A setup guide for installing python, nvidia-driver, cuda, cuDNN, and Pytorch from the new installed ubuntu
Make a hard link to ensure that you use python3 as a default python, and there is no python path problem while running shell script.
sudo rm -rf /usr/bin/python
sudo ln /usr/bin/python3 /usr/bin/python
sudo apt-get install python3-pip
python3 -m pip install --upgrade pip
https://www.geforce.com.tw/drivers
Choose and download the driver which corresponding to your gpu, then install it.
For example:
sudo sh NVIDIA-Linux-x86_64-440.82.run
If you meet Nouveau kernel problem, please type these 2 command to blackout nouveau:
$ sudo bash -c "echo blacklist nouveau > /etc/modprobe.d/blacklist-nvidia-nouveau.conf"
$ sudo bash -c "echo options nouveau modeset=0 >> /etc/modprobe.d/blacklist-nvidia-nouveau.conf"
After you finish the installation process, you can type
nvidia-smi
to check whether you have already installed graphic driver.
You can see the response, like this:
Tue Apr 28 15:24:34 2020
+-----------------------------------------------------------------------------+
| NVIDIA-SMI 440.82 Driver Version: 440.82 CUDA Version: 10.2 |
|-------------------------------+----------------------+----------------------+
| GPU Name Persistence-M| Bus-Id Disp.A | Volatile Uncorr. ECC |
| Fan Temp Perf Pwr:Usage/Cap| Memory-Usage | GPU-Util Compute M. |
|===============================+======================+======================|
| 0 GeForce GTX 1080 Off | 00000000:01:00.0 Off | N/A |
| 26% 38C P0 35W / 180W | 0MiB / 8119MiB | 0% Default |
+-------------------------------+----------------------+----------------------+
+-----------------------------------------------------------------------------+
| Processes: GPU Memory |
| GPU PID Type Process name Usage |
|=============================================================================|
| No running processes found |
+-----------------------------------------------------------------------------+
sudo apt-get purge cuda
sudo apt-get purge cuda-XX-YY
sudo apt-get autoremove
For example, if you installed cuda 10.1, then you type
sudo apt-get purge cuda-10-1
maybe there are some other versions of cuda in /usr/local/ you can remove all of it by
sudo rm -r /usr/local/cuda*
https://developer.nvidia.com/cuda-toolkit-archive
Choose the cuda version that you want to install (say, 10.2), and assume the machine environment is Ubuntu 18.04.

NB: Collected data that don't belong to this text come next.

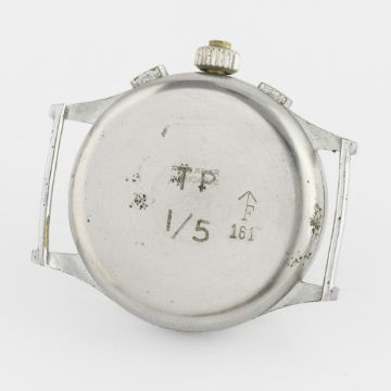 A RARE GENTLEMAN'S BRITISH MILITARY ORATOR CHRONOGRAPH WRIST WATCH CIRCA 1940s  D: Silver dial with gilt Arabic numerals & hands, double register recording minutes & continuous seconds, outer telemetre & tachymeter scales. M: Manual wind movement. C: Circular nickel plated case with stainless steel back, military issue markings TP 1/5. ^F 161, case diameter measures approx. 34mm. S: Leather NATO strap.CONDITION REPORT D: Original dial in excellent condition, showing some small signs of age. M: Working at present. C: In very good condition, with some light scratches & wear. S: In good condition. D: Dial / M: Movement / C: Case / S: Strap / B: Bracelet
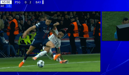 第45分钟,路易斯-迪亚斯回追放倒阿什拉夫,后者倒地痛哭,随后被队友搀扶离场。随后VAR显示路易斯-迪亚斯有剪刀腿的情况,裁判改判直红,7500万先生苦笑离场,拜仁剩下10人应战。易边再战,大巴黎加强攻势,下半场开打仅5分钟,李刚仁角球传中,克瓦拉茨赫利亚头球稍稍高出横梁。第67分钟,克瓦拉茨赫利亚强行突破,禁区前沿起脚劲射,诺伊尔稳稳将球没收,大巴黎始终找不到进球的办法。
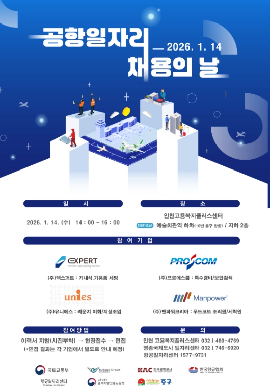 [뉴스노크=김인호 기자] 인천시 중구는 오는 14일 구월동 소재 인천고용복지플러스센터 지하 2층 채용행사장(남동구 문화로 131)에서 ‘2026년도 제1회 공항일자리 채용의 날’ 행사를 개최한다.
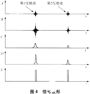 由微分放大电路组成输入级,来自超声波换能器第1反射波(4点)得到进一步放大,同时使第1反射波信号变得更尖陡(B点),该信号再经精密检波电路检波、滤波后,得到反射波的包络线(C点),为消除地线及杂波等干扰信号,同时增强信噪比,C点的信号再经过一个带有域值比较的放大器进一步放大,得到一个比较干净而幅值足够大的第1反射波信号(D点),最后经电压比较器,输出触发信号(E点)给计数系统,使其停止计数。至此,完成反射波信号的放大与处理任务。各点的波形如图4所示。
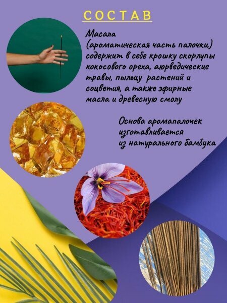 | Состав | эфирные масла - 20%, порошок из скорлупы кокосового ореха - 25%, сахарный сироп - 10%, порошок смолы - 10%, пудровый порошок - 10%, бамбуковая палочка - 25% |

I recommend install cuda by runfile (local) because it has good command-line prompts that can help you to install cuda, and set PATH environment for cuda automatically.
For example:
sudo sh cuda_10.2.89_440.33.01_linux.run
While you are installing cuda, a prompt will be displayed, asking you whether to install "Driver", "CUDA Toolkit", "CUDA Samples",...
The "Driver" here means "Nvidia Graphics Driver"
Since we have already installed Driver in the previous step, do NOT install Driver (i.e., unselect Driver) while running cuda installation runfile.
(I have tried to install Driver via cuda installation runfile but it usually leads to installation problem.)
Type the command below, which appends two lines of code into ~/.bashrc to get cuda path
echo >> ~/.bashrc '
export PATH=/usr/local/cuda/bin:$PATH
export LD_LIBRARY_PATH=$LD_LIBRARY_PATH:/usr/local/cuda/lib64'
then type the command which will source ~/.bashrc
source ~/.bashrc
By just type command below
nvcc -V
You can see the response:
nvcc: NVIDIA (R) Cuda compiler driver
Copyright (c) 2005-2019 NVIDIA Corporation
Built on Wed_Oct_23_19:24:38_PDT_2019
Cuda compilation tools, release 10.2, V10.2.89
https://developer.nvidia.com/rdp/cudnn-download
After you download all three files, you can install them via:
(You cannot download these files by curl or wget because nvidia needs users to login)
sudo dpkg -i libcudnn7_7.6.5.32-1+cuda10.2_amd64.deb
sudo dpkg -i libcudnn7-dev_7.6.5.32-1+cuda10.2_amd64.deb
sudo dpkg -i libcudnn7-doc_7.6.5.32-1+cuda10.2_amd64.deb # not requirement, doc is for verifying installation
type in command below
CUDNN_H_PATH=/usr/include/cudnn.h
cat ${CUDNN_H_PATH} | grep CUDNN_MAJOR -A 2
you can see the response:
#define CUDNN_MAJOR 7
#define CUDNN_MINOR 6
#define CUDNN_PATCHLEVEL 5
--
#define CUDNN_VERSION (CUDNN_MAJOR * 1000 + CUDNN_MINOR * 100 + CUDNN_PATCHLEVEL)
#include "driver_types.h"
which means you are using CuDNN 7.6.5
If you installed libcudnn-doc, you can exploit mnist examples from doc to verify whether cudnn is installed correctly.
cd /usr/src/cudnn_samples_v7/mnistCUDNN
sudo make clean
sudo make
./mnistCUDNN
pip install torch torchvision
$ python
Python 3.6.9 (default, Apr 18 2020, 01:56:04)
[GCC 8.4.0] on linux
Type "help", "copyright", "credits" or "license" for more information.
>>> import torch
>>> torch.cuda.is_available()
True